Cuñados cofradieros

Fernando Ollero | 10 de enero de 2017 a las 8:00

Quien más y quien menos estamos aun aterrizando tras la Epifanía, pero los de las prisas para todo, la eterna Cuaresma y la incombustible primavera, están ya dándole paso a la trasera, y eso que aun no atisbamos en el horizonte la festividad de la Candelaria; como nos gusta marcar tendencia, igual hay que pedir que en años venideros en el Belén en vez de una cruz de guía pongan una batea con su coro, o casi mejor una marmota.
Fijo que uno de los temas comentados en las sobremesas de las reuniones con familiares y amigos ha sido ese cuñado que todos tenemos que es el que más sabe de todo y opina sobre todo; viene siempre de vuelta, apostilla a toro pasado, siempre lleva la contraria, porque siempre lleva la razón y los demás no.

¿Alguien ha hablado alguna vez de los cuñados cofradieros?  Si, esos elementos que saben todo lo que hay que saber sobre cofradías, los primeros en enterarse del más mínimo rumor- cuando se confirma suelta ese ”ya lo sabía”-, no sabemos cómo se las arreglan pero siempre salen de nazareno en mejor sitio, y están presentes en los más selectos croqueteos, hayan sido invitados o no.
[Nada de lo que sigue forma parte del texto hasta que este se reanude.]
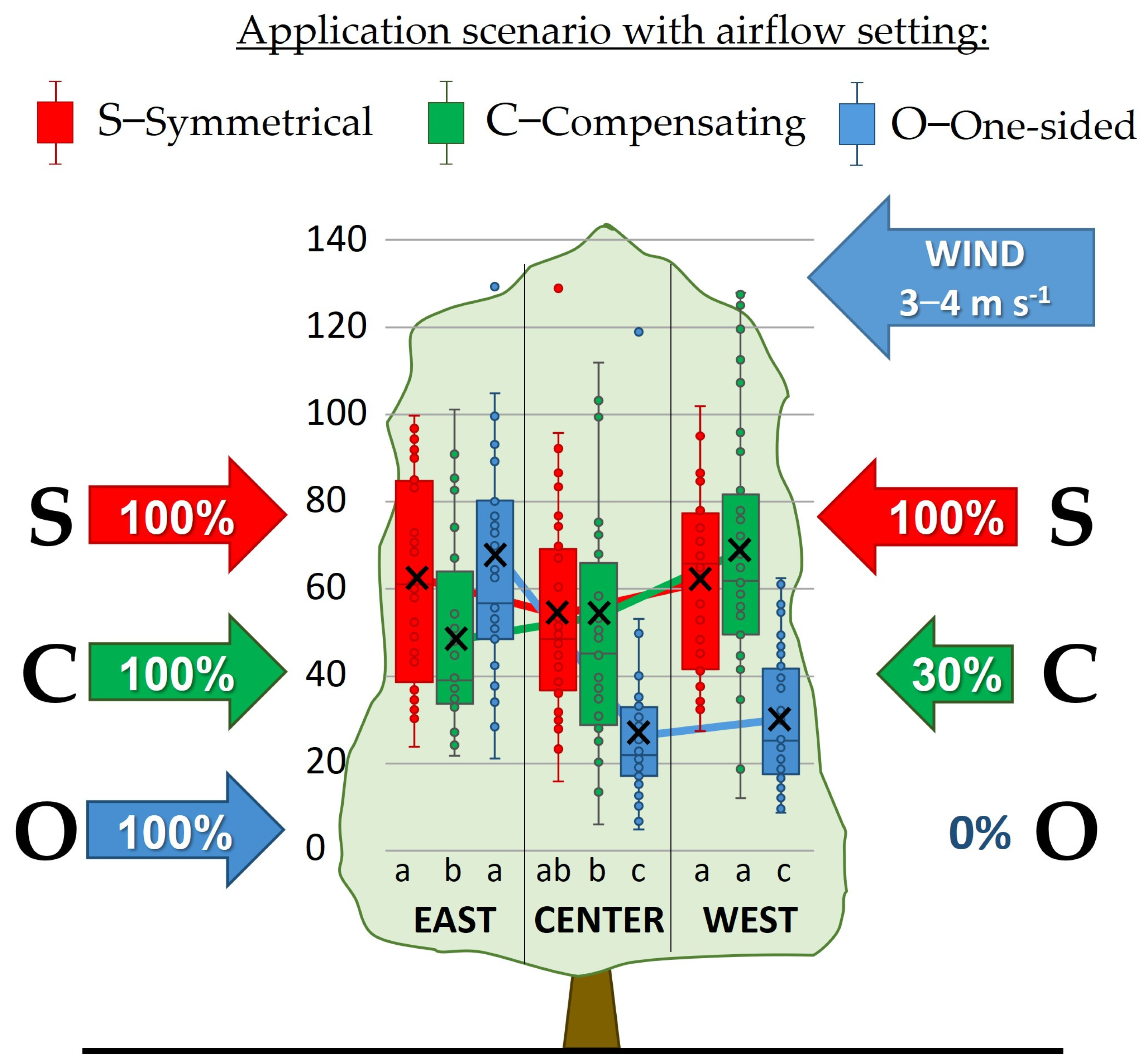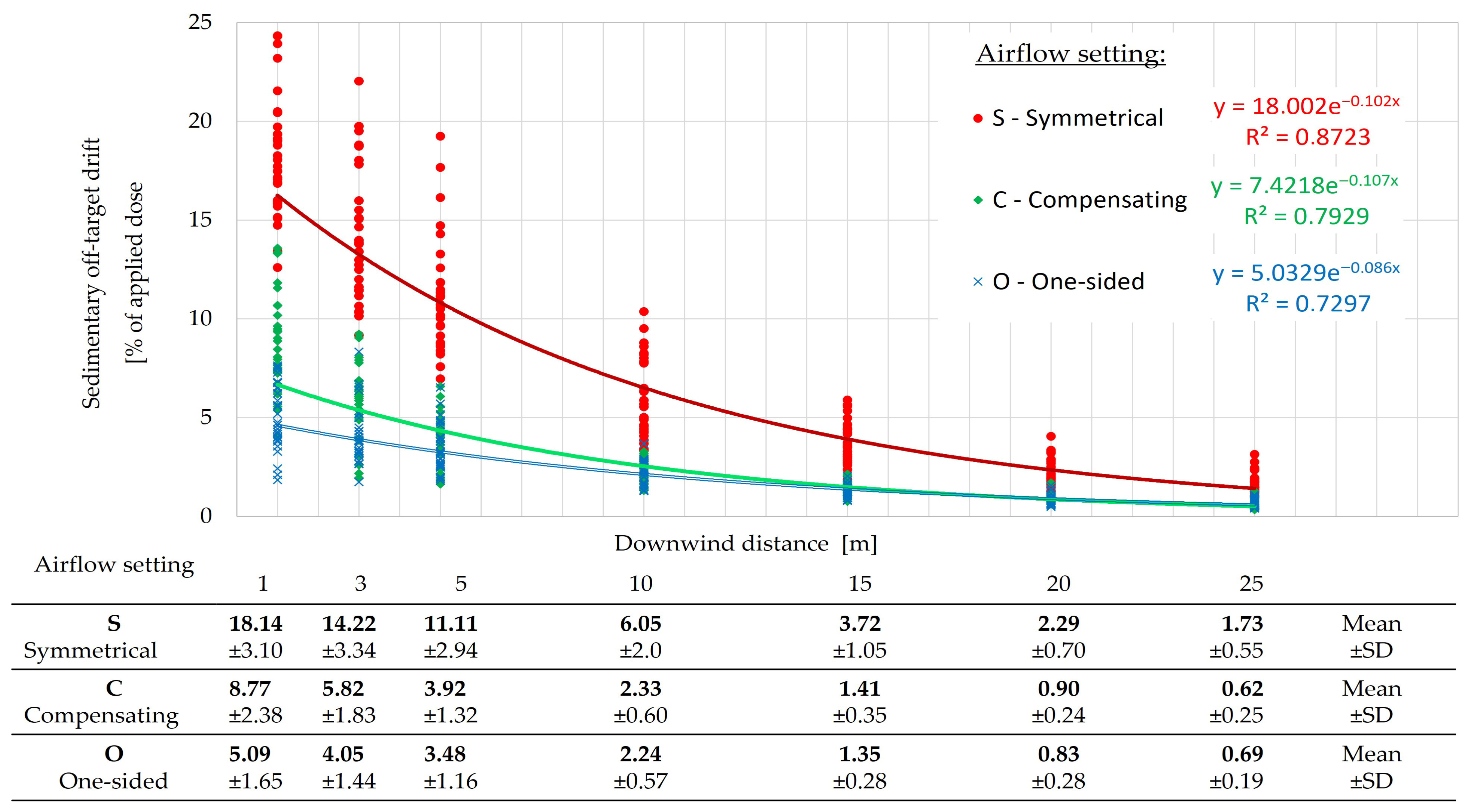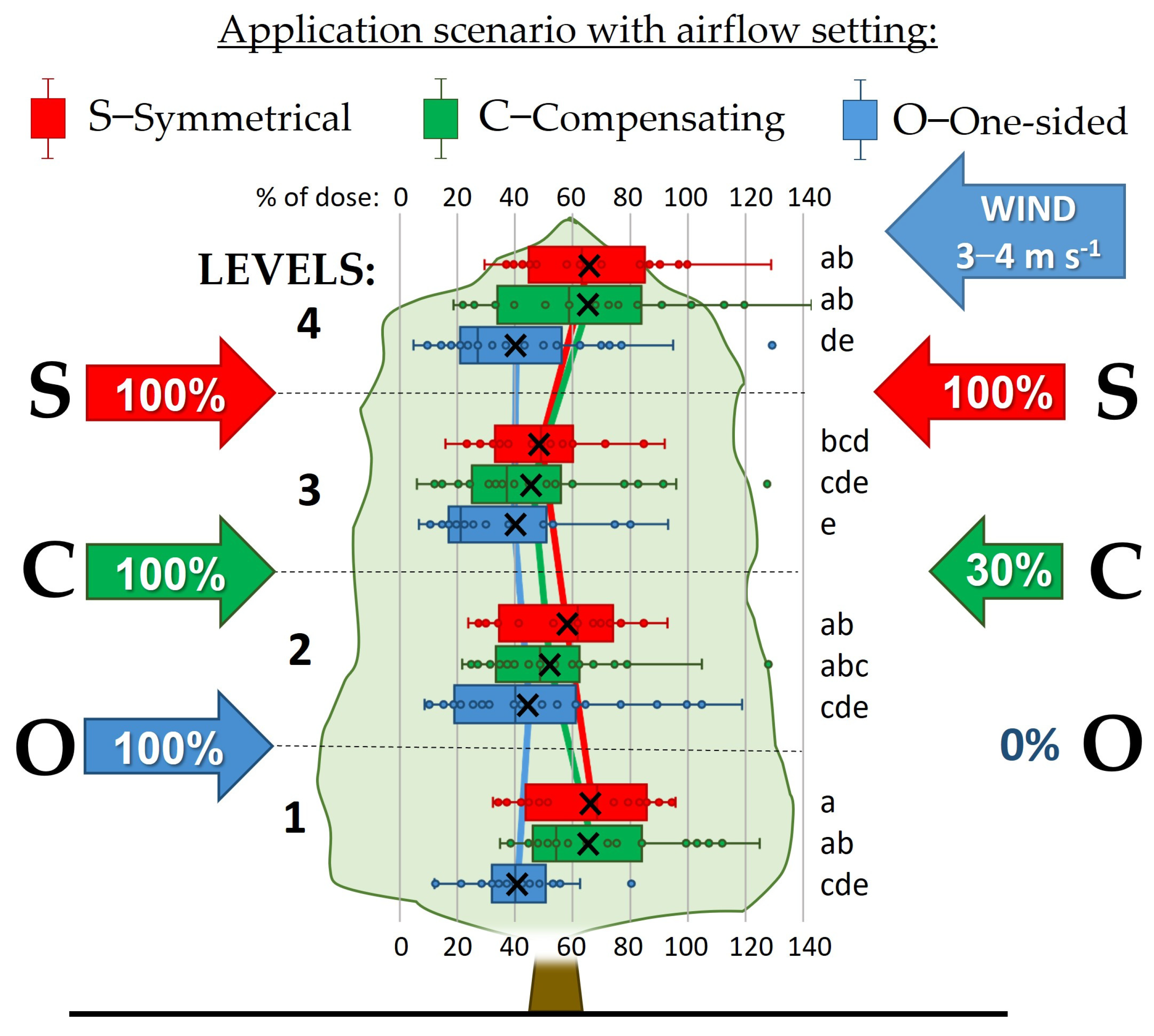 - O—One-sided emission: L/R = 0%/100%(representing spray drift-reducing scenario).

Suelen calificar como tradiciones de toda la vida aquello que se empezó a hacer ayer por la mañana. Aún no tienen el pedigrí, y sobre todo la pompa y el boato, que se otorgan los autodenominados  rancios, todo se andará, y desde luego están faltos del encanto y la simpatía que despiertan los Tontos de Capirote que describió Francisco Robles en su libro.

Sonrían por favor, en el fondo todos somos un poco cuñados cofradieros.